The main contribution of the proposed work is to compare various deep learning techniques for the classification and staging of COVID-19 lung CT images. Also, performance metrics were calculated for evaluation purposes. Here, an attempt has been made to stage the levels of ground glass opacities in COVID-19 lung images using deep learning techniques. The CT images were preprocessed, and four transfer learning-based pretrained convolution neural network models, namely, ResNet101, ResNet50, ResNet18, and SqueezeNet, were used for the classification and staging of these CT images with different ground glass opacities. Further, performance parameters such as accuracy, sensitivity, specificity, positive predicted value (PPV), negative predicted value (NPV), and area under curve (AUC) were calculated and compared.

2. Literature Review

Ismael and Şengür [1] have worked on detecting COVID-19 lesions from chest X-ray images using various deep learning techniques. The authors stated that by using these deep learning techniques, the accuracy score obtained is high compared to shallow networks. The authors concluded that feature extraction using deep learning approaches is efficient compared to traditional techniques. Barstugan et al. [2] have presented the classification of normal and COVID-19 X-ray images using machine learning techniques. The authors concluded that an accuracy of 99.68% was obtained for two-class classifications. Hall et al. [3] have reported the classification of COVID-19 and non-COVID-19 chest X-ray images using a pretrained convolution neural network. The authors demonstrate a classification accuracy of 91.24% for the two-class classification with the limited dataset. Further, the authors concluded that the performance could be improved by increasing the number of training images. Oh et al. [6] reported feature extraction for COVID-19 chest X-ray images for a limited dataset. The authors developed a patch-based convolution neural network and obtained an accuracy of 88.7%. The authors concluded that the results which were obtained were strongly interrelated with the clinical findings.

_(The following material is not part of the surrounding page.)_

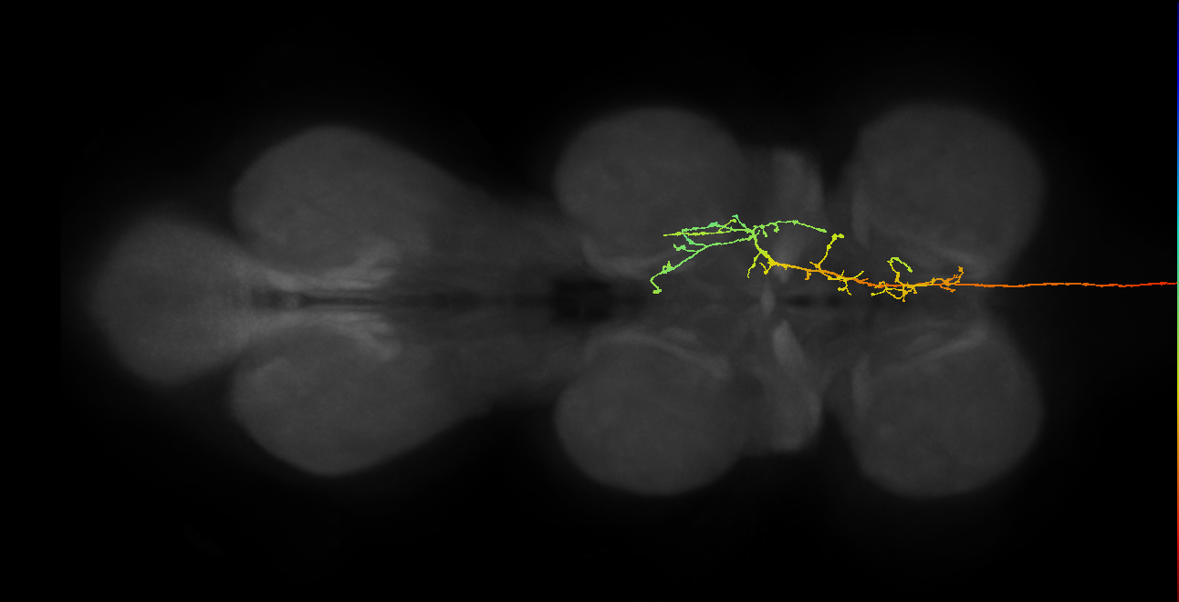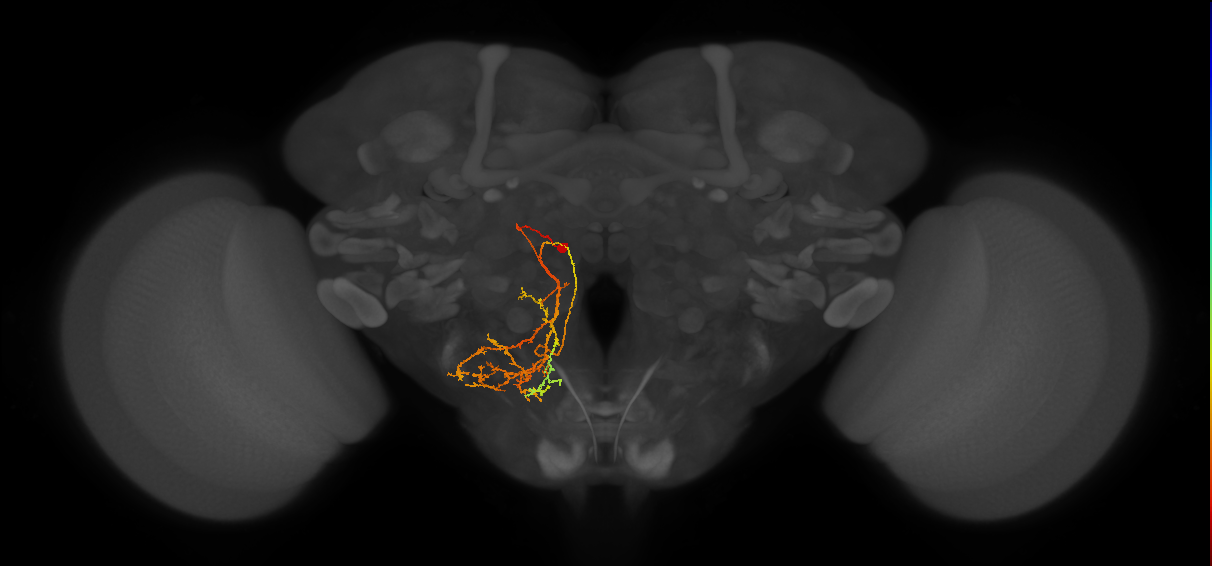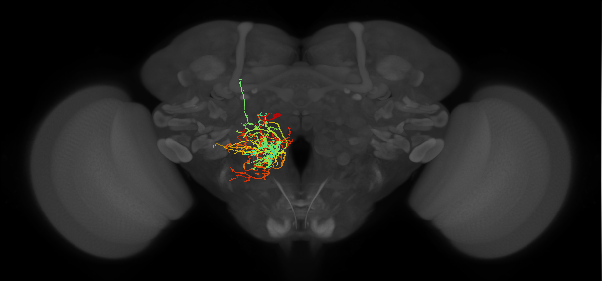 - overlaps: adult crepine, adult lateral accessory lobe, antler, cantle, epaulette, gorget, inferior bridge, inferior clamp, inferior posterior slope, posterior lateral protocerebrum, saddle, superior clamp, superior medial protocerebrum, superior posterior slope, vest

Ahuja et al. [7] developed a transfer learning-based automated model for two-class classifications of COVID-19 lung CT images. The work carried out was to classify the normal and abnormal CT images using deep learning convolution neural networks. Further, the authors made a comparison of various techniques and calculated the performance metrics and proposed that a pretrained ResNet-18 network with modified parameters provides higher accuracy results for a two-class classification. Shorten et al. [12] conducted a study on various applications of deep learning techniques for the detection of COVID-19 infection. The authors reviewed how different types of data can be given as input to deep neural networks and learning problems are being constructed.

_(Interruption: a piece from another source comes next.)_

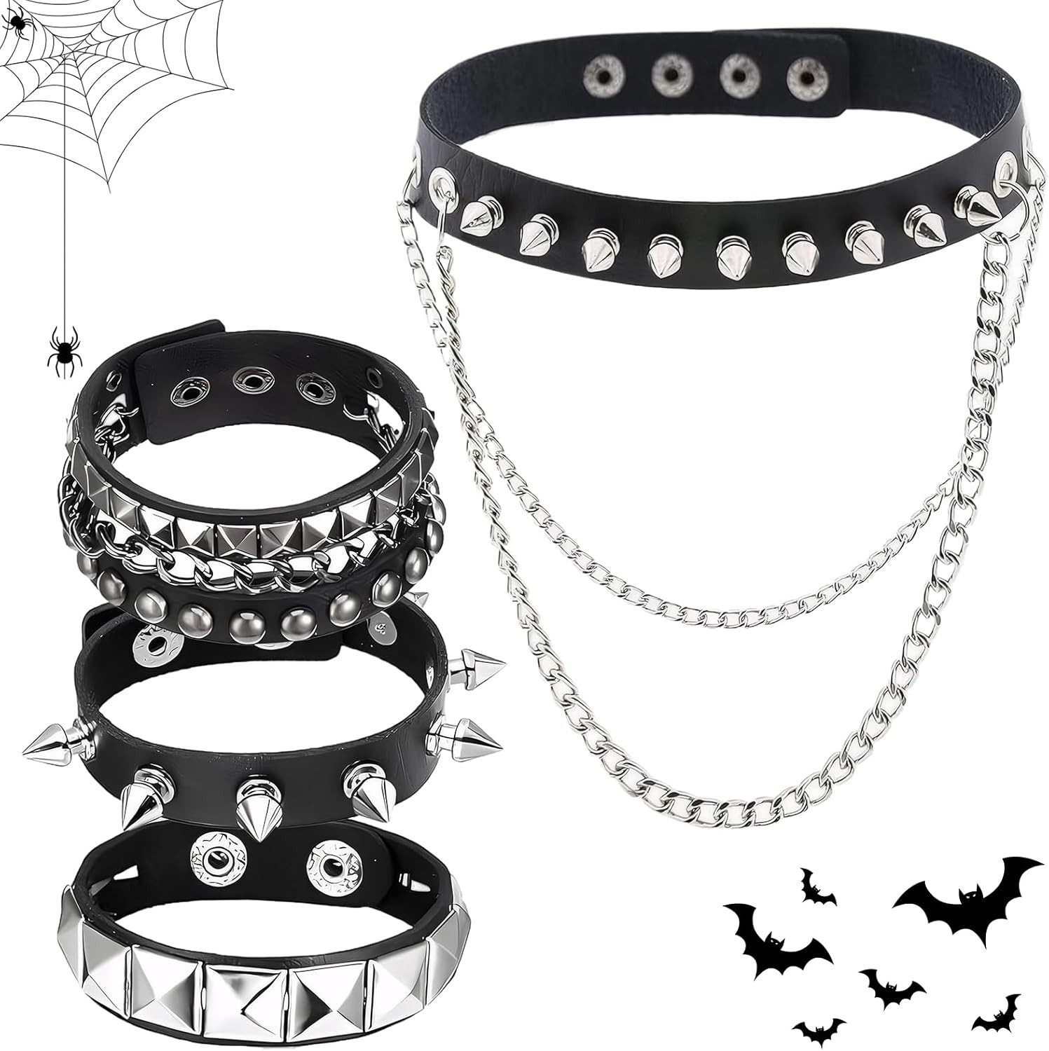 Black Studded Choker,4 Pcs Punk Black Leather Choker Necklace and Rock Leather Bracelets Set,Metal Gothic Necklace,Spiked Bracelet,Punk Accessories Adjustable PU Leathers Chain Collar for Women Men

Jain et al. [13] made a comparison of different deep learning models for identifying COVID-19-infected chest X-rays. The authors concluded that the Xception model resulted in higher accuracy when compared to other models and provided a better result compared to other models. Sujath et al. [14] developed models like Vector autoregression, Multilayer Perceptron, and linear regression to predict the spread of COVID-19 diseases in India. The authors concluded that the multilayer perceptron model has a better prediction rate compared to other models. Baskaran et al. [15] developed a deep learning-based system that is used to classify normal and pneumonia X-ray images. The authors stated that the model developed was able to classify the images, and the overall accuracy obtained using this model is also higher compared to other techniques.

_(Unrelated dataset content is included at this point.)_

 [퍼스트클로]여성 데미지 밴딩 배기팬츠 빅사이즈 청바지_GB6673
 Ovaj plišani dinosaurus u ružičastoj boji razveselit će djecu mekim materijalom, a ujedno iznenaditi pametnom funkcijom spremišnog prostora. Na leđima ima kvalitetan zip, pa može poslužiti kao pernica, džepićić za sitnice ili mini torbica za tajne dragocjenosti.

Elzeki et al. [20] developed a Chest X-ray COVID Network (CXRVN) for the classification of chest X-rays. The authors have compared the developed network with the existing pretrained networks, namely, GoogleNet, ResNet, and AlexNet, and concluded that the performance parameters, such as accuracy of 94.5% obtained using the developed model, show better performance compared to the other networks. Zhang et al. [21] developed a model for anomaly detection on chest X-ray images using deep learning techniques, and the authors stated that the model is efficient in performing a reliable screening of chest X-ray images. Ghaderzadeh and Asadi [22] conducted a review on the application of various deep learning techniques being utilized for radiographic modalities. The authors concluded that parameters such as false positive rates and negative errors are reduced with the application of deep learning techniques.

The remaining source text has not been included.